Два офицера направлялись к ним из самой глубины плаца. По их жестам и по тому, как они шли, стоявшие в строю солдаты догадывались, что они говорят о чем-то, живо их интересующем. Один из офицеров по-мальчишески рассмеялся, повернулся и медленно пошел назад через поле. Другой, лейтенант, улыбаясь направился к ним. Когда он подошел к роте, улыбка исчезла с его лица; он выпятил подбородок и зашагал тяжелыми размеренными шагами.
– Можете распустить роту, сержант! – Голос лейтенанта звучал отрывисто и резко.
Рука сержанта взметнулась вверх, к фуражке, точно крыло семафора.
– Рота, во-ольно! – прокричал он.
Ровная линия одетых в хаки людей превратилась в толпу отдельных индивидуумов в запыленных сапогах, с пыльными лицами. Десять минут спустя они выстроились и промаршировали колонной по четыре в ряд к котлу. Раскаленные волокна нескольких электрических ламп мутно освещали коричневатую мглу барака. Длинные столы, скамьи и дощатые полы издавали слабый запах кухонных отбросов, смешанный с запахом дезинфекции, которой вытирали столы после каждой еды.

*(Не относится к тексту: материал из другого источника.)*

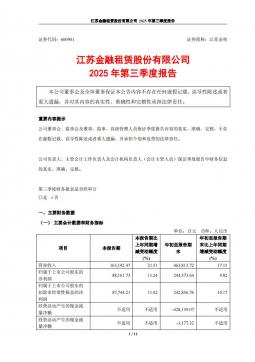 [企业年报]江苏金租:江苏金租:2025年第三季度报告(银创产业通www.chanyetong.net)
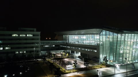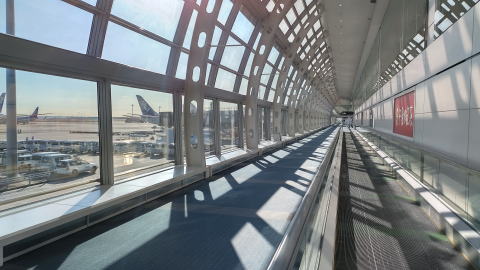 部屋から空港ターミナルを見る。ターミナルに近いし、低層階なのでグランドの飛行機は見えない

Держа перед собой свои овальные манерки, солдаты проходили гуськом мимо больших котлов, из которых обливающиеся потом дежурные по кухне, в синих халатах, выплескивали в каждую манерку порцию мяса с картофелем.
– Сегодня как будто недурно, – сказал Фюзелли; он засучил рукава над кистями и наклонился над своей дымящейся порцией. Это был крепкий малый с кудрявыми волосами и толстыми, мясистыми губами; он жадно чмокал ими во время еды.
– Как будто, – отозвался сидевший против него розовый юноша с льняными волосами, не без ухарства сдвинув набок свою широкополую шляпу.
– Я сегодня получил увольнительный, – сказал Фюзелли, гордо подняв голову.
– Небось, к девочкам пойдешь?
– Голова!.. У меня дома, в Фриско, есть невеста… Славная девчурка!
– И прав, что не связываешься с здешними девчонками. Все они грязнули, в этом проклятом городишке. Да! Уж если собираешься за океан, так держись крепче… – Юнец с льняными волосами с серьезным видом перегнулся через стол.
– Пойти взять, что ли, еще жратвы? Подождешь меня? – сказал Фюзелли.
– А что ты будешь делать в городе? – спросил белобрысый юнец, когда Фюзелли вернулся.
– Не знаю. Пошатаюсь немного, заверну в кино, – ответил тот, набивая рот картошкой.
– Черт побери, сейчас пробьют зорю, – услышал он голос за собой.
Фюзелли набил рот как только мог полнее и скрепя сердце выбросил остатки в бак для отбросов.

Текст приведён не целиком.